Given information:
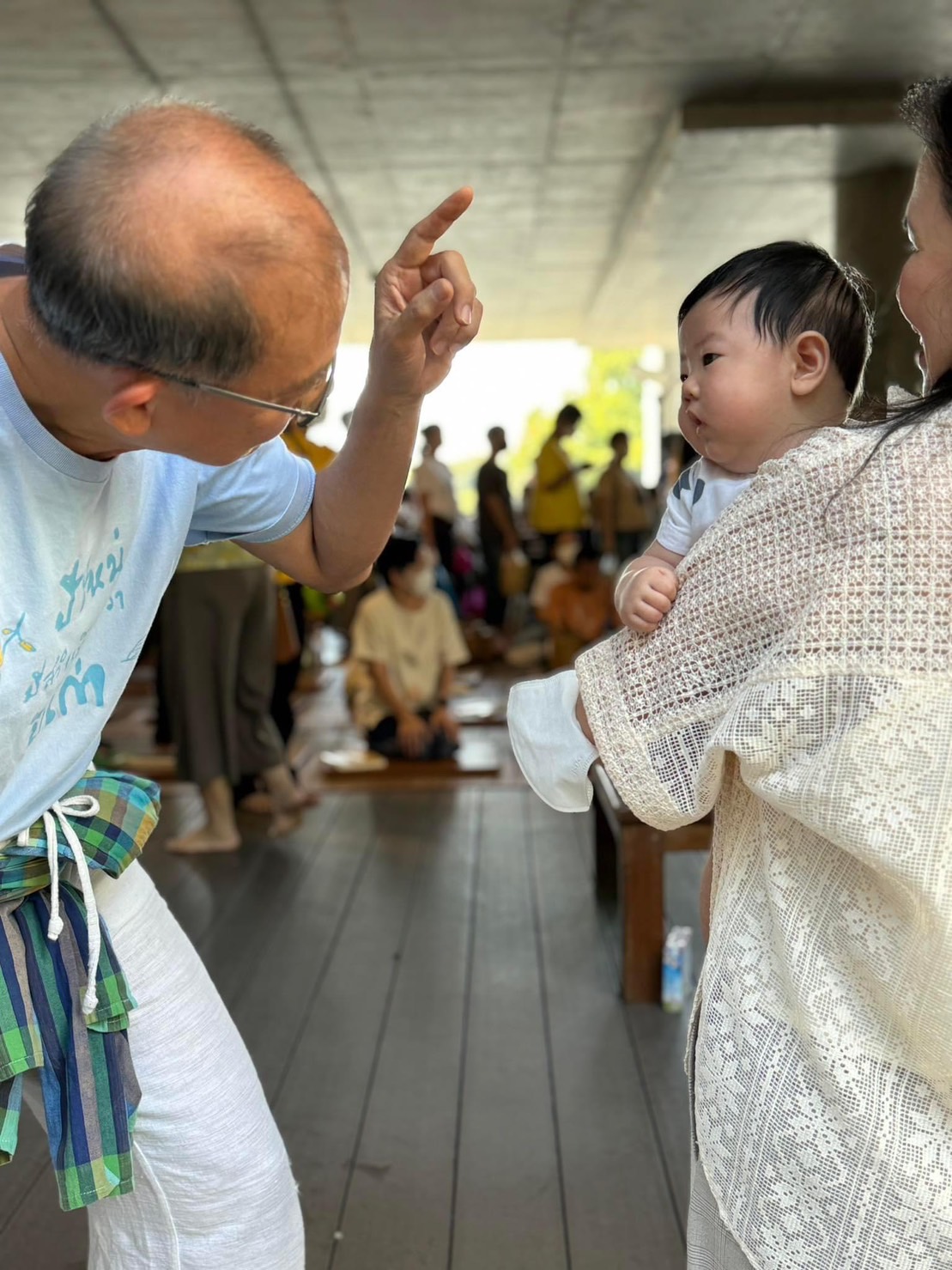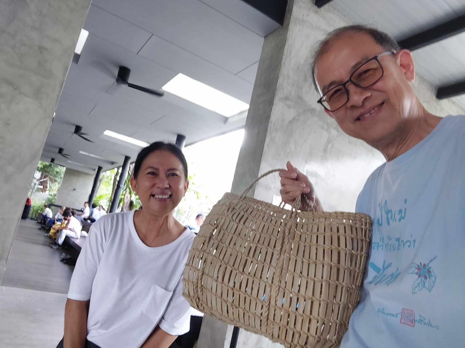 ๓) เป็นใครก็ไม่รู้เอาของใส่ตะกร้าใหญ่มาใส่บาตร ผมก็เลยเข้าไปช่วยหิ้วให้
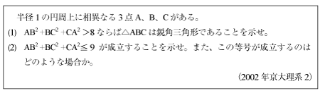 [C]三角形の辺長の2乗和を調べる問題(2002年京大理系2)
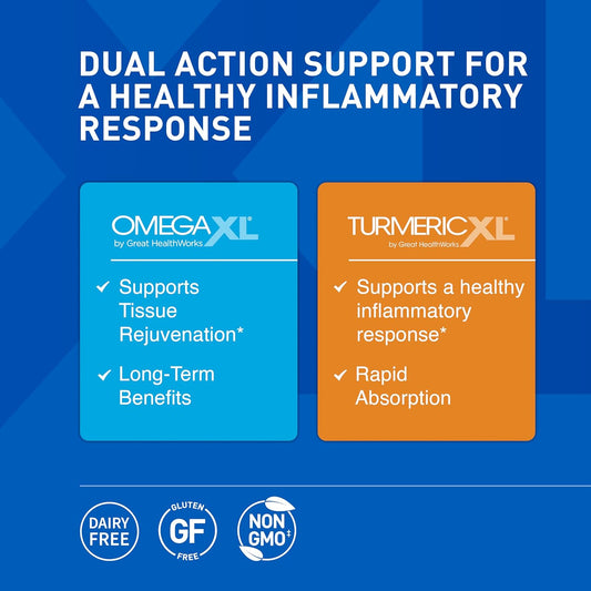 OmegaXL Joint and Muscle Support Supplement (60 Count) & TurmericXL Inflammatory Response Supplement (30 Count) for Overall Wellness
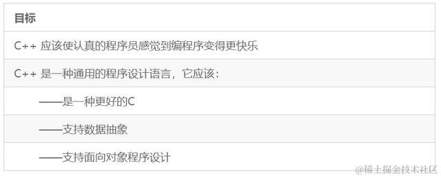 我的目标是提升系统程序设计中的抽象层次,其方式类似于C语言在取代汇编语言作为系统工作主流时的所作所为。有关新特征的想法都放在这一统一框架中考虑,看它们在将C++ 提升为一种表述设计的语言时能起到什么作用。特别是对个别特征的考虑,就要看它能否形成一种可以通过类进行有效表述的概念。对于C++ 支持数据抽象和面向对象的程序设计,这是最关键的问题。
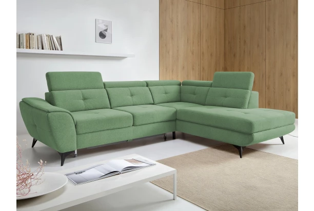 Rohová sedací souprava Sergio – spojení moderního vzdušného designu, příjemného pohodlí a praktických vlastností, které potěší každý den. Polohovatelné opěrky, úložný prostor pod otomanem i rozkládací funkci na lůžko oceníte. Očalouněna látkou v odstínu bledě zelená se zvýšenou odolností proti vlhkosti. Sedačka s bočním otomanem vytváří pravý roh.
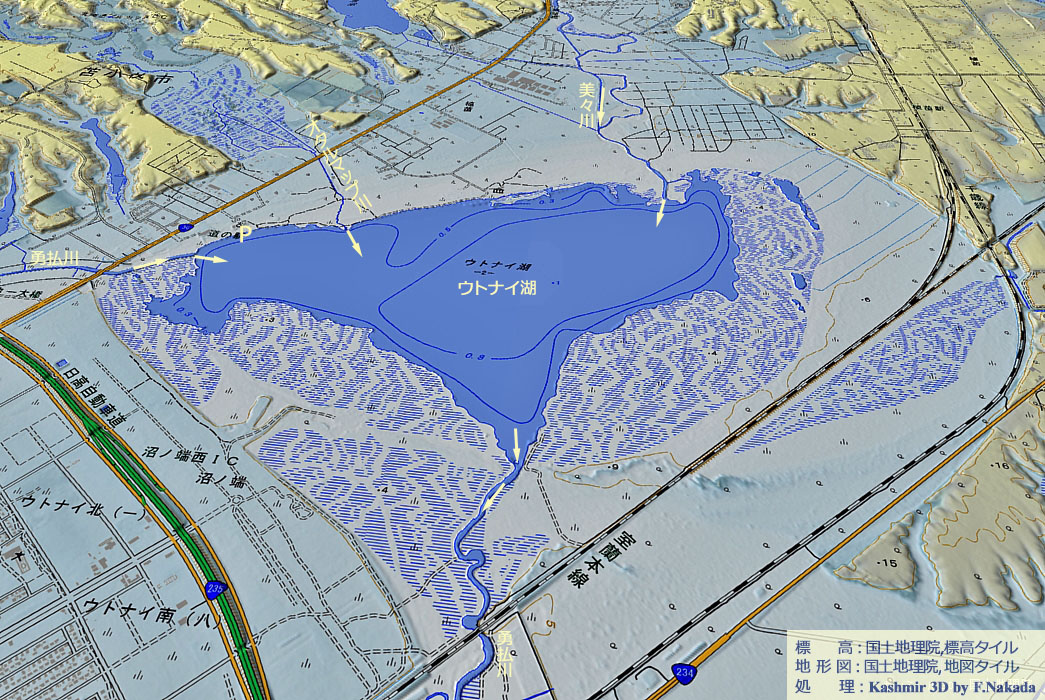 ![]() 元々は水深の浅い入江だったところが,海退(海水面の低下)に伴って,海から切り離された「海跡湖(潟湖)」です。 川水の流入は「勇払川」や「美々川」など3河川,流出は「勇払川」1本のみです。 工業団地,高速道路や鉄道線路など,開発された土地に囲まれています。 しかし,ラムサール条約登録湿地のため,これ以上の劣化は避けられそうです。 |
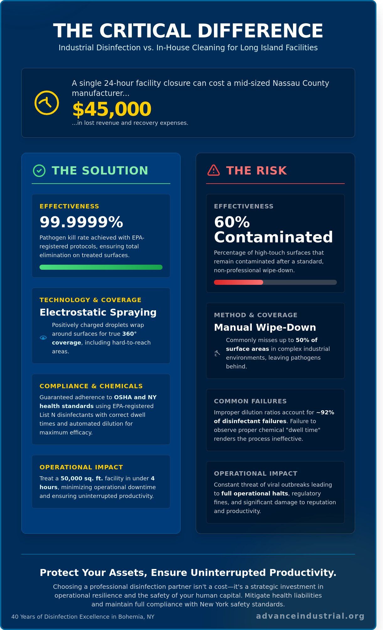 A single 24 hour facility closure in Nassau County can cost a mid-sized manufacturer $45,000 in lost revenue and recovery expenses. You understand that maintaining operational uptime isn't just about machinery maintenance; it's about protecting the human capital that drives your production. Ineffective DIY cleaning methods often fail to meet the 99.9999% pathogen reduction standards required for high-traffic industrial environments. This is why securing professional disinfecting services is a strategic necessity for any plant manager focused on industrial excellence.

Exercise requirements:
Would you please copy, exactly and only, the lines from the one with "OmegaXL Joint and" through the end of the entries above, skipping every picture?

Result below:
 OmegaXL Joint and Muscle Support Supplement (60 Count) & TurmericXL Inflammatory Response Supplement (30 Count) for Overall Wellness
 我的目标是提升系统程序设计中的抽象层次,其方式类似于C语言在取代汇编语言作为系统工作主流时的所作所为。有关新特征的想法都放在这一统一框架中考虑,看它们在将C++ 提升为一种表述设计的语言时能起到什么作用。特别是对个别特征的考虑,就要看它能否形成一种可以通过类进行有效表述的概念。对于C++ 支持数据抽象和面向对象的程序设计,这是最关键的问题。
 Rohová sedací souprava Sergio – spojení moderního vzdušného designu, příjemného pohodlí a praktických vlastností, které potěší každý den. Polohovatelné opěrky, úložný prostor pod otomanem i rozkládací funkci na lůžko oceníte. Očalouněna látkou v odstínu bledě zelená se zvýšenou odolností proti vlhkosti. Sedačka s bočním otomanem vytváří pravý roh.
 ![]() 元々は水深の浅い入江だったところが,海退(海水面の低下)に伴って,海から切り離された「海跡湖(潟湖)」です。 川水の流入は「勇払川」や「美々川」など3河川,流出は「勇払川」1本のみです。 工業団地,高速道路や鉄道線路など,開発された土地に囲まれています。 しかし,ラムサール条約登録湿地のため,これ以上の劣化は避けられそうです。 |
 A single 24 hour facility closure in Nassau County can cost a mid-sized manufacturer $45,000 in lost revenue and recovery expenses. You understand that maintaining operational uptime isn't just about machinery maintenance; it's about protecting the human capital that drives your production. Ineffective DIY cleaning methods often fail to meet the 99.9999% pathogen reduction standards required for high-traffic industrial environments. This is why securing professional disinfecting services is a strategic necessity for any plant manager focused on industrial excellence.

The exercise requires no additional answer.